A clock is used to synchronize all CPU components. Unlike an ordinary clock, this clock propagates regular electric pulses or signals. The speed of this clock is measured in hertz by the frequency of signals propagated per second. These signals synchronize all components of the CPU, allowing all components to work together.
Primary functions of CPU
CPU has the following four primary functions:
1. Fetch – Fetch is the operation that receives an instruction of a program or data from the primary memory.
2. Decode – Instruction Decoder decodes the received instruction to understand which other components are needed to complete the operation.
3. Execute – After this, the control unit activates the required components and the execution of the operation is performed.
4. Store – After the execution of the operation, the obtained results are stored in the CPU register.
How CPU works
A computer program is a sequence of instructions that are stored in memory. These instructions are in binary or machine language, also known as operational code or Op-code. The record of instruction being processed in the CPU is maintained by a CPU register. This CPU register is called the program counter. It stores the memory address of the instruction being processed by the CPU. After the fetch operation of the instruction, it stores the address of the next instruction.
The functions of the CPU can be understood from its three steps. In the first step, instruction is fetched from memory. In the second step, instruction is decoded. It finds out, which operation to be performed for the execution of the instruction. In the third and final step, the instruction is executed by completing the operation according to the instruction. These three steps are called the instruction cycle of the CPU. This cycle is repeated until all the instructions of the program are executed.

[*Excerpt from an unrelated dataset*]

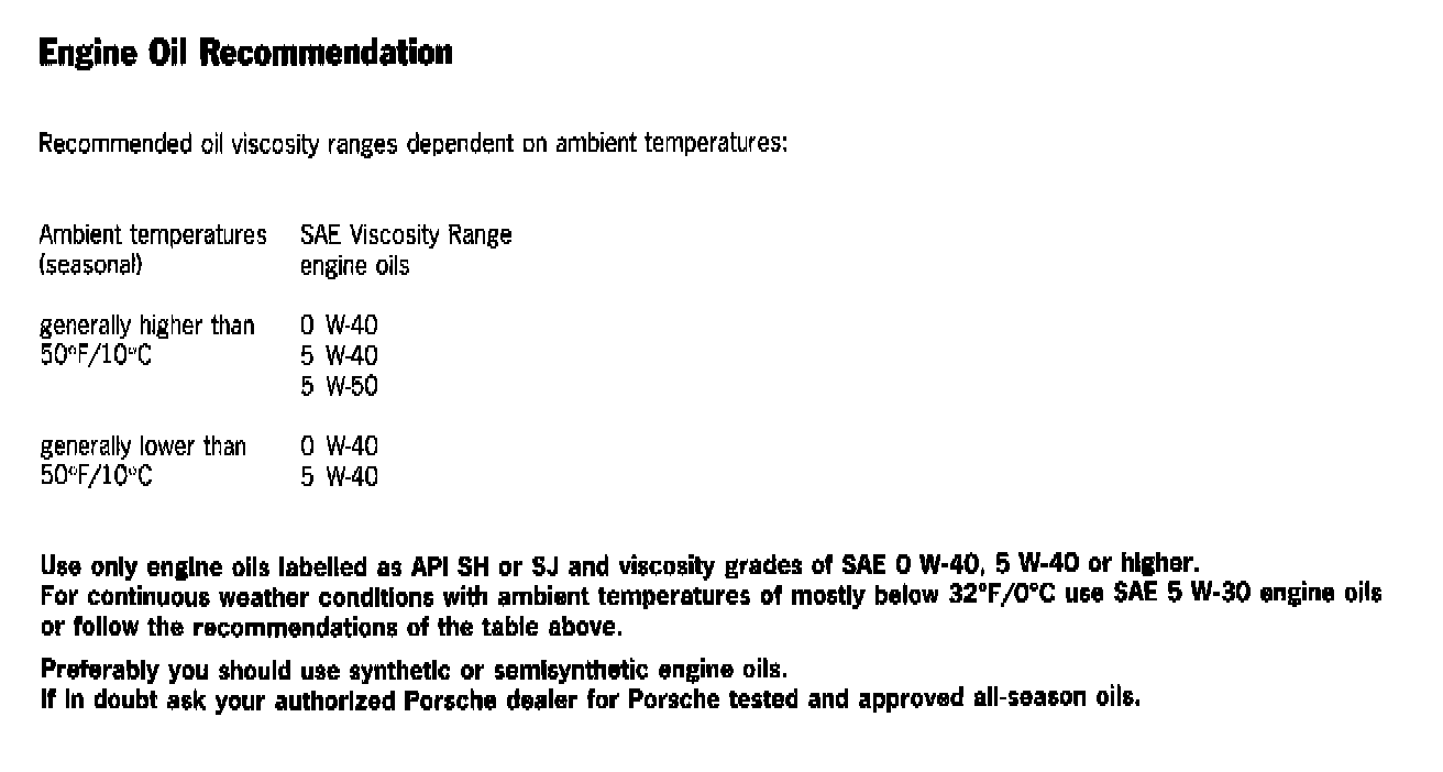 The viscosity of the engine oil for your Porsche has to be chosen according to the ambient temperature given in the engine oil recommendation table.
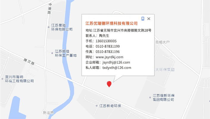 江蘇優瑞德環境科技有限公司地址:江蘇省無錫市宜興市高塍鎮塍文路28號

CPU speed is measured in cycles per second or hertz. Modern CPU speeds are up to a few Gigahertz. For example, if the speed of a CPU is two Gigahertz, it can process two billion (2×109) instructions per second.
Types of CPU
AMD and Intel are the leading manufactures of CPUs. Both companies have many variants of CPUs with different specifications. CPUs are classified into the following two main categories:
This type of CPU has only one processor. All CPUs developed before 2005 were primarily single-core CPUs. The speed of these CPUs can be accelerated only by increasing their clock speed. But it also increases the amount of heat produced by the CPU. This was a major hurdle to continue the development of single-core processors. Also, single-core CPUs were unable to execute more than one task simultaneously as it had only one processor. So due to these reasons, single-core CPUs have been discontinued in newer computers.
Modern computers have multi-core CPUs. This type of CPU has more than one processor inside a single electronic chip called CPU cores. These CPUs are widely available after 2005. Typically multi-core CPUs have two, four, six, or eight cores but recently AMD launched its Ryzen Threadripper 3990X CPU which has 64 cores inside a single chip. Due to the high processing power requirement and the temperature constraint, multi-core CPUs are the only practical solution.